A expectativa é de novamente uma tarde só de alegrias. Ou quase. "O único problema que tivemos foi um torcedor que, com uma conta de R$ 22, queria sair sem pagar. Protestou, falou que era filho de coronel, mas quando ameaçamos chamar a polícia ele pagou", conta.

Outro bar que fez a festa dos tor­­cedores foi o Aos Democratas. Se­­gundo a coordenadora financeira do local, Monique Liebel, mais de 500 pessoas deram um lucro, em relação a um dia normal, até difícil de comparar. "Normalmente não abrimos neste horário. Então dá para dizer que tivemos 100% a mais de lucro", brincou.

Já no Café Avenida, na Boca Ma­­dita, enquanto milhares de pessoas assistiam a partida em um telão no calçadão, dentro os funcionários quase enlouqueciam, como conta a sub-gerente Mara dos Santos. "Nós e mais duas banquinhas eram os únicos lugares abertos. Foi muito lucrativo, bem mais de 100% em relação aos outros dias, mas o trabalho foi intenso", conta, garantindo que vendeu mais de 500 litros de cerveja nos 90 minutos de jogo.
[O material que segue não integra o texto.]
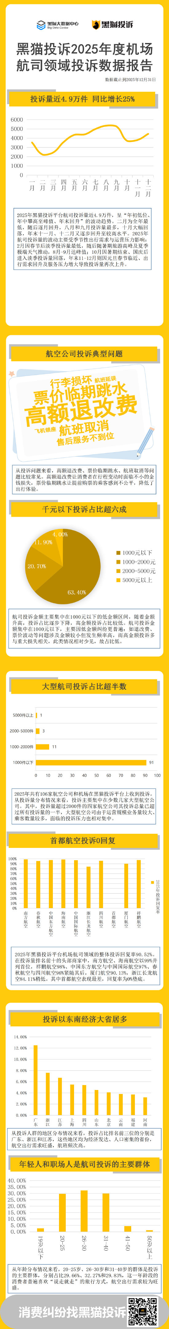 黑猫大数据中心联合黑猫投诉 【下载黑猫投诉客户端】平台发布《黑猫投诉2025年度机场航司领域投诉数据报告》,通过投诉数据盘点2025年行业趋势、行业热点问题等,通过投诉数据变化情况回顾行业消费趋势。
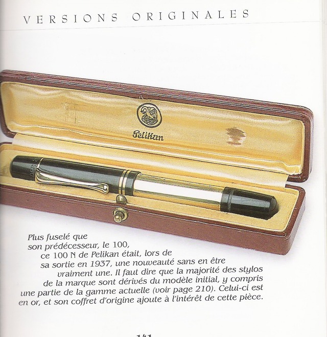 이름은 '펠리칸 만년필(The Pelikan Fountain Pen)'이다. 시판 즉시 이목을 끌었다. 만년필이라면 검정색으로 알던 시절에는 대담한 색상의 만년필이었다. 최신 재질인 초록색 셀룰로이드의 몸통(배럴)에 새롭게 디자인된 현대식 캡이 돋보였다.

Porém para o gerente comercial do Jokers, Gustavo Dias, o que foi bom poderia ter sido ainda me­­lhor. "Todos os salões estavam lotados, com 250 a 300 pessoas presentes", contou, afirmando que uma partida melhor do Brasil daria ainda mais lucro. "Já temos experiência nisto. Na Copa passada, na derrota para a França, tivemos o nosso pior dia de vendas", conta.

Opinião compartilhada por Arlindo Ventura, dono do Bar do Torto. "Se o Brasil melhorar, o pessoal se empolga e se estende mais no lazer", argumentou, co­­mentando um fato curioso do seu estabelecimento. "Durante a partida tinha cerca de 60 pessoas. Depois chegamos a 300, quase quatro vezes mais que uma terça-feira comum. Parecia uma sexta-feira à noite".